**EXTRACTED DATA:**
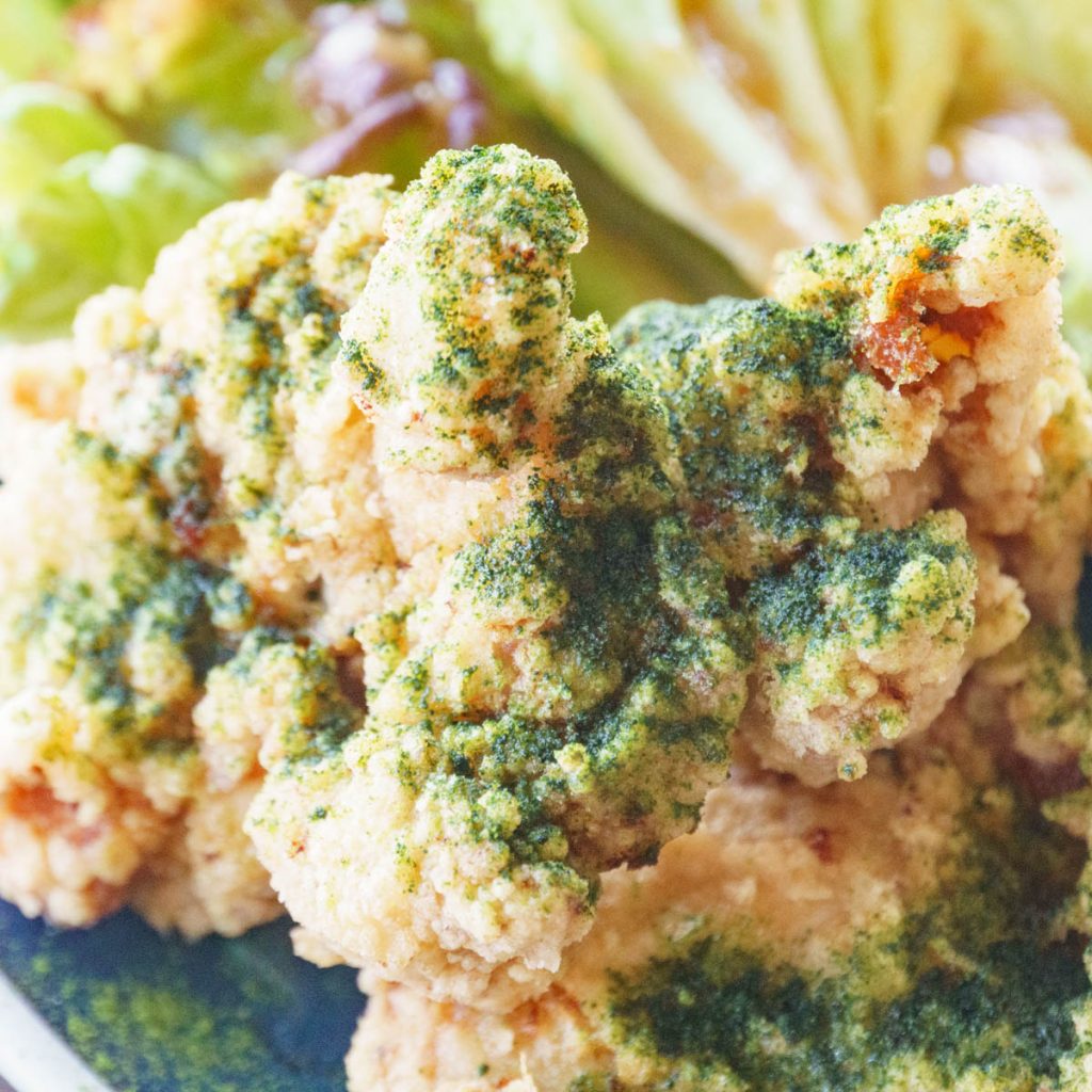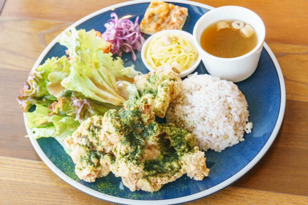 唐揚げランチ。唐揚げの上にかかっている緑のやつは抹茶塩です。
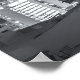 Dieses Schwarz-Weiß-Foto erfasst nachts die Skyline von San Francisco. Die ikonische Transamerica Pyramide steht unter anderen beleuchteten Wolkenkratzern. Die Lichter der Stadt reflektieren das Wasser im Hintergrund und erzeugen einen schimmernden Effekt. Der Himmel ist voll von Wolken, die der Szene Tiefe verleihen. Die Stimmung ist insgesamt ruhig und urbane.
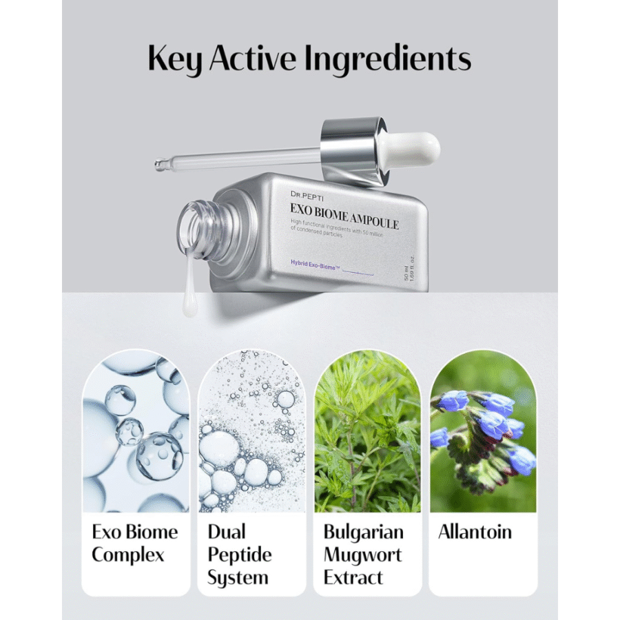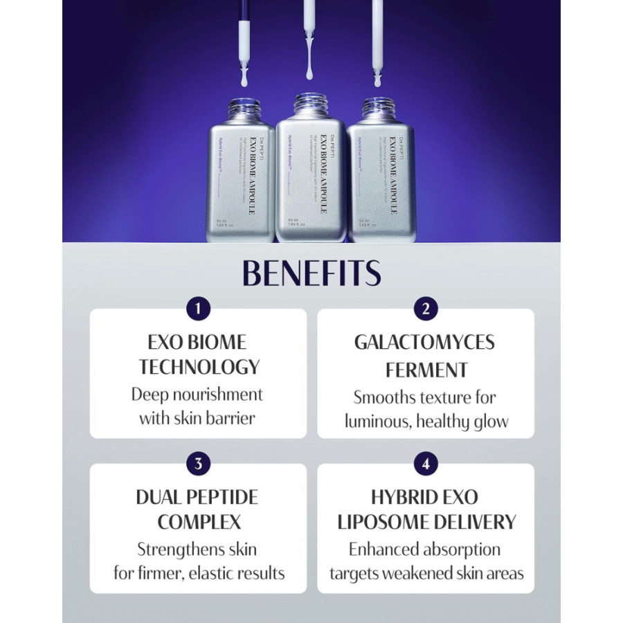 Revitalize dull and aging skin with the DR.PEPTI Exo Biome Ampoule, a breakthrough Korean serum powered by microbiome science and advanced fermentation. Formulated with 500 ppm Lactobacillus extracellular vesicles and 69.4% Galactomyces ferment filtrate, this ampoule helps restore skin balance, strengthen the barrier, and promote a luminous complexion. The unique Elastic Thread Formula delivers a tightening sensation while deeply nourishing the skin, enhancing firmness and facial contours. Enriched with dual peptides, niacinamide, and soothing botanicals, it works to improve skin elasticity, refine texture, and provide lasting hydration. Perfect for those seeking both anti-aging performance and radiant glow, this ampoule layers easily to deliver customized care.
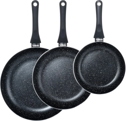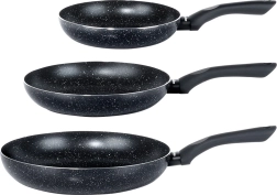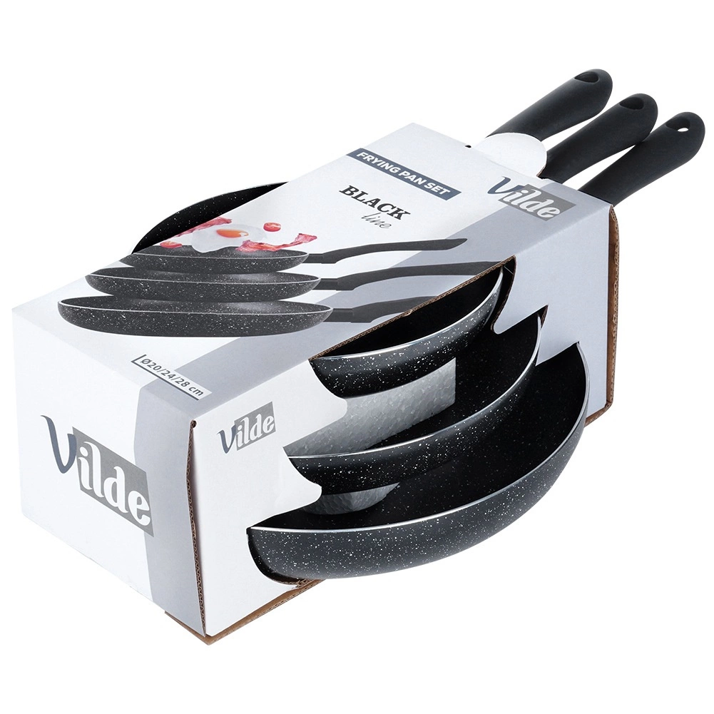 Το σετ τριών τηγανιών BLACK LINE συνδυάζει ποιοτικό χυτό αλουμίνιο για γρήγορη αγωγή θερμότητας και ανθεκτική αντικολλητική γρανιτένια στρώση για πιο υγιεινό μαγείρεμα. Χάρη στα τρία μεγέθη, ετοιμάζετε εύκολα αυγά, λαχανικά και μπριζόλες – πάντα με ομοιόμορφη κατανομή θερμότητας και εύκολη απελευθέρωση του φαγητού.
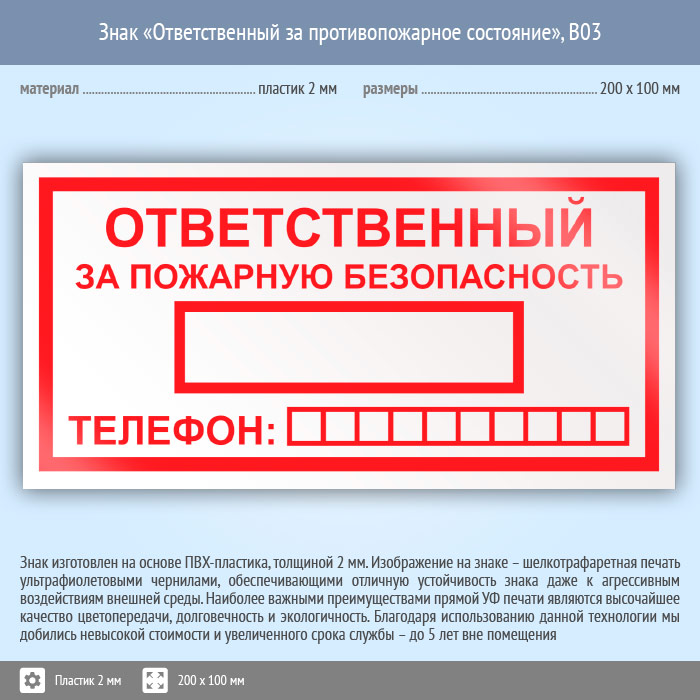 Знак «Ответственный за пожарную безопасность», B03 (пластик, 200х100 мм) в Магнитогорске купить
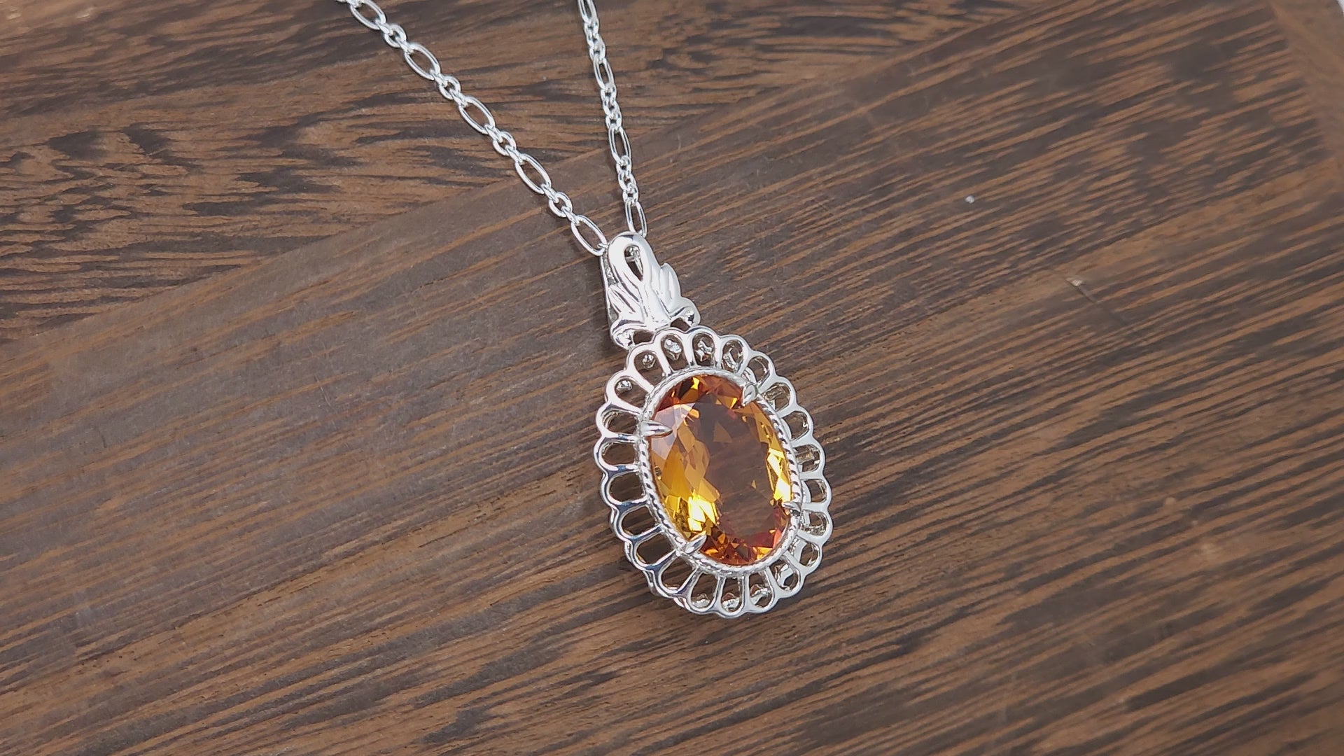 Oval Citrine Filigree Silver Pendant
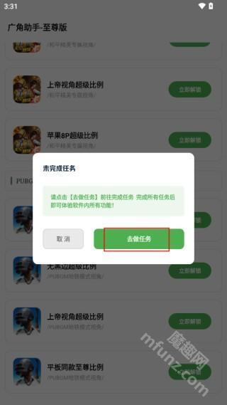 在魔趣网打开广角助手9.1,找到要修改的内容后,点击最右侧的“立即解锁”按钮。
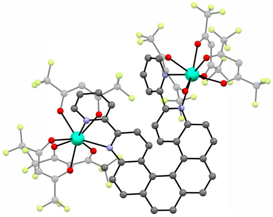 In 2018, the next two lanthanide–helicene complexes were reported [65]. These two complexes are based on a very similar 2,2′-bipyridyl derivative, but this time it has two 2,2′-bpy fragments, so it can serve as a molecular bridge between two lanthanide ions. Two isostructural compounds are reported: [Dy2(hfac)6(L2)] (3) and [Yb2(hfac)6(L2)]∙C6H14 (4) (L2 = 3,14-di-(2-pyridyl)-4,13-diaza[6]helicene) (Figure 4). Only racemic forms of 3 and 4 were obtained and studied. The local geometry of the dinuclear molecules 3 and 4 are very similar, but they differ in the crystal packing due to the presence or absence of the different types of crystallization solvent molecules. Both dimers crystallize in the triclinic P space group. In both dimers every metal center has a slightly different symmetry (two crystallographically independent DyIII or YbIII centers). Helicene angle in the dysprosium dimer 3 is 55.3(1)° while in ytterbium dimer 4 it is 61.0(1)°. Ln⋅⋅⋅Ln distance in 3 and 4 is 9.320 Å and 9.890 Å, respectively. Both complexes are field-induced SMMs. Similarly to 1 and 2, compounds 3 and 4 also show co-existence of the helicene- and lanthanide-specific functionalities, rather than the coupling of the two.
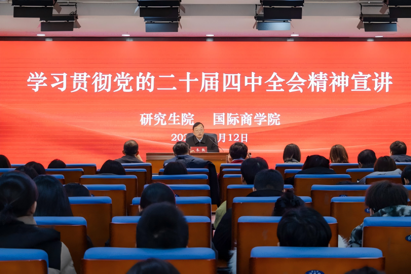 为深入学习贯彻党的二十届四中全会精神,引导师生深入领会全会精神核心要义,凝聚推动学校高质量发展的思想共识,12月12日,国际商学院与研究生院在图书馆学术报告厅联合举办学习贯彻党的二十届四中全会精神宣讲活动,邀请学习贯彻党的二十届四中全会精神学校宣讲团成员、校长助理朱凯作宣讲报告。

**WORK TO BE COMPLETED:** Omit the pictures and give the material again, exactly and in full.

**TASK SOLUTION:**
 唐揚げランチ。唐揚げの上にかかっている緑のやつは抹茶塩です。
 Dieses Schwarz-Weiß-Foto erfasst nachts die Skyline von San Francisco. Die ikonische Transamerica Pyramide steht unter anderen beleuchteten Wolkenkratzern. Die Lichter der Stadt reflektieren das Wasser im Hintergrund und erzeugen einen schimmernden Effekt. Der Himmel ist voll von Wolken, die der Szene Tiefe verleihen. Die Stimmung ist insgesamt ruhig und urbane.
 Revitalize dull and aging skin with the DR.PEPTI Exo Biome Ampoule, a breakthrough Korean serum powered by microbiome science and advanced fermentation. Formulated with 500 ppm Lactobacillus extracellular vesicles and 69.4% Galactomyces ferment filtrate, this ampoule helps restore skin balance, strengthen the barrier, and promote a luminous complexion. The unique Elastic Thread Formula delivers a tightening sensation while deeply nourishing the skin, enhancing firmness and facial contours. Enriched with dual peptides, niacinamide, and soothing botanicals, it works to improve skin elasticity, refine texture, and provide lasting hydration. Perfect for those seeking both anti-aging performance and radiant glow, this ampoule layers easily to deliver customized care.
 Το σετ τριών τηγανιών BLACK LINE συνδυάζει ποιοτικό χυτό αλουμίνιο για γρήγορη αγωγή θερμότητας και ανθεκτική αντικολλητική γρανιτένια στρώση για πιο υγιεινό μαγείρεμα. Χάρη στα τρία μεγέθη, ετοιμάζετε εύκολα αυγά, λαχανικά και μπριζόλες – πάντα με ομοιόμορφη κατανομή θερμότητας και εύκολη απελευθέρωση του φαγητού.
 Знак «Ответственный за пожарную безопасность», B03 (пластик, 200х100 мм) в Магнитогорске купить
 Oval Citrine Filigree Silver Pendant
 在魔趣网打开广角助手9.1,找到要修改的内容后,点击最右侧的“立即解锁”按钮。
 In 2018, the next two lanthanide–helicene complexes were reported [65]. These two complexes are based on a very similar 2,2′-bipyridyl derivative, but this time it has two 2,2′-bpy fragments, so it can serve as a molecular bridge between two lanthanide ions. Two isostructural compounds are reported: [Dy2(hfac)6(L2)] (3) and [Yb2(hfac)6(L2)]∙C6H14 (4) (L2 = 3,14-di-(2-pyridyl)-4,13-diaza[6]helicene) (Figure 4). Only racemic forms of 3 and 4 were obtained and studied. The local geometry of the dinuclear molecules 3 and 4 are very similar, but they differ in the crystal packing due to the presence or absence of the different types of crystallization solvent molecules. Both dimers crystallize in the triclinic P space group. In both dimers every metal center has a slightly different symmetry (two crystallographically independent DyIII or YbIII centers). Helicene angle in the dysprosium dimer 3 is 55.3(1)° while in ytterbium dimer 4 it is 61.0(1)°. Ln⋅⋅⋅Ln distance in 3 and 4 is 9.320 Å and 9.890 Å, respectively. Both complexes are field-induced SMMs. Similarly to 1 and 2, compounds 3 and 4 also show co-existence of the helicene- and lanthanide-specific functionalities, rather than the coupling of the two.
 为深入学习贯彻党的二十届四中全会精神,引导师生深入领会全会精神核心要义,凝聚推动学校高质量发展的思想共识,12月12日,国际商学院与研究生院在图书馆学术报告厅联合举办学习贯彻党的二十届四中全会精神宣讲活动,邀请学习贯彻党的二十届四中全会精神学校宣讲团成员、校长助理朱凯作宣讲报告。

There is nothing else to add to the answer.